The acceleration of this car is amazing, but the stock 18" Aero tires are TTTTerrrible on the track (of course) .... I dont think I was ever able to over use the brakes, because I was so traction limited by the tires .... here is a description of how a lap went: Braking hard into the first CCW hairpin left, enter with left front tire on the candystripes, car starts to rotate (rear end sliding), and contiues to rotate till traction control shuts off power momentarily - till traction is regained, then hard on the throttle down short straight to first long right sweeper, four wheel drifting the whole way around, limiting my speed to keep from sliding off the track, then max throttle down next longish straight, braking way early because at this point, tires have no grip, and skid like crazy if braked too hard .... through the kinks, and similar to the first corner, right wheel on candy stripes, car rotates just enough (no traction control shut off) ... then max throttle down the back straight .... but brake way before the flagging station into small chicane (cones ... i forgot to mention this part) into banked hairpin right, into kinks and short straight past start line and repeat. .....

For reference, I have been to this track four other times, with Mazda P5 and 1967 Cougar (canyon suspension and brakes), both on sticky summer tires with good brakes .... With the Cougar, on the last part of the track, I could wait to brake until "long after" the flagging station (right at the chicane, basically 15-20 yards before the hairpin) ... becuse of the stock tires on the model 3, at the end of the last straight, I had to brake way before the flagging station to prevent sliding off the track in the banked hairpin.

Still, I had a blast, and I was moved up to the "fast group" for the 7pm session (I was never fast enough for that i my previous visits to this track).

Next time, I will have summer tires and maybe better brakes (I already have the brakes ... just haven't put them on yet)


----------



## Oyster Bait (Sep 15, 2018)

Nice write up.
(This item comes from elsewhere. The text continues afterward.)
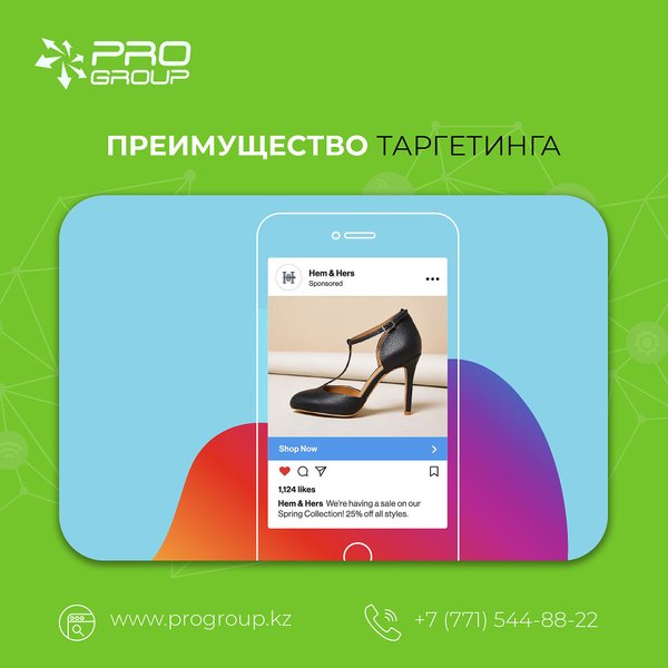 аничку вашей компании в социальных сетях, с описанием товаров или услуг ️можно выбрать различные целевые группы по широкому перечню параметров (география, возраст, пол, образование, интересы). ️возможность работать с каждой группой пользователей отдельно, создавать разные объявления для разной аудитории. Агентство Progroup ️ ️ Алматы, ул. Айманова, 220 progroup.kz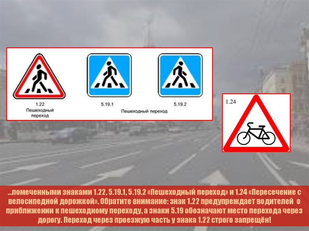 1.24…помеченными знаками 1.22, 5.19.1, 5.19.2 «Пешеходный переход» и 1.24 «Пересечение с

Thanks.

Was the track layout the same as the previous times you ran with your other cars? If so, please give us some lap times to compare.


----------



## Jonathan3 (Aug 26, 2018)

Thank you for sharing your experience.

What brake upgrades are you doing? I am curious what upgrades people are doing that fit with the 18-inch wheels.


----------



## ev0lm3 (Nov 3, 2018)

Awesome! What was your time in the p3d. I used to track there in my evo 8 that I had a few years back, and I would do a 42 seconds. Good to see people using these cars for the track!


----------



## Ole1 (Jul 7, 2018)

hate to say it ..... but stock tires were terrible ... my best times were in the 49s .... fastest cars were in the low 46's
.... very much looking forward to seeing how i do with sticky tires and better brakes

..... haven't put them on yet ..... I got brakes from racingbrake.com - full set of front and rear two piece rotors (huge weight savings) and XT910 pads for stock 18" wheels - got to meet the owner/engineer/designer, who gave me a very detailed tour of their facility, and very detailed descriptions of all the unique (patented) things that they do with their brakes (insert smiley icons)


----------



## Jonathan3 (Aug 26, 2018)

Please let us know how those breaks work out for you.


----------



## ev0lm3 (Nov 3, 2018)

Ole1 said:


> hate to say it ..... but stock tires were terrible ... my best times were in the 49s .... fastest cars were in the low 46's
> .... very much looking forward to seeing how i do with sticky tires and better brakes
> 
> ..... haven't put them on yet ..... I got brakes from racingbrake.com - full set of front and rear two piece rotors (huge weight savings) and XT910 pads for stock 18" wheels - got to meet the owner/engineer/designer, who gave me a very detailed tour of their facility, and very detailed descriptions of all the unique (patented) things that they do with their brakes (insert smiley icons)


Not bad! I ran R compounds on my evo doing <45 sec. That made the biggest difference


----------



## Ole1 (Jul 7, 2018)

2nd day at Adams Motorsport park, now with 255/40-18 Michelin Pilot Sport 4S tires .... Awesome, everything I expected ... I shaved 2.7 Seconds off of my lap times, I am now getting closer to the fastest guys .... next time, I will have new brakes on her .... 
..... to get used to driving her briskly, I took a little side trip on some of my favorite SoCal twisties on my way to Adams:









Even just "cruising" thru the twisties, I learned right away that the tires are now way better than the brakes, and the stock brakes are not sufficient for "brisk cruising" ... additionally, during one of my middle sessions at the track, I got "real brake fade" coming into one of the fastest corners ... slightly exciting ... I learned how to drive around it to not overheat the brakes.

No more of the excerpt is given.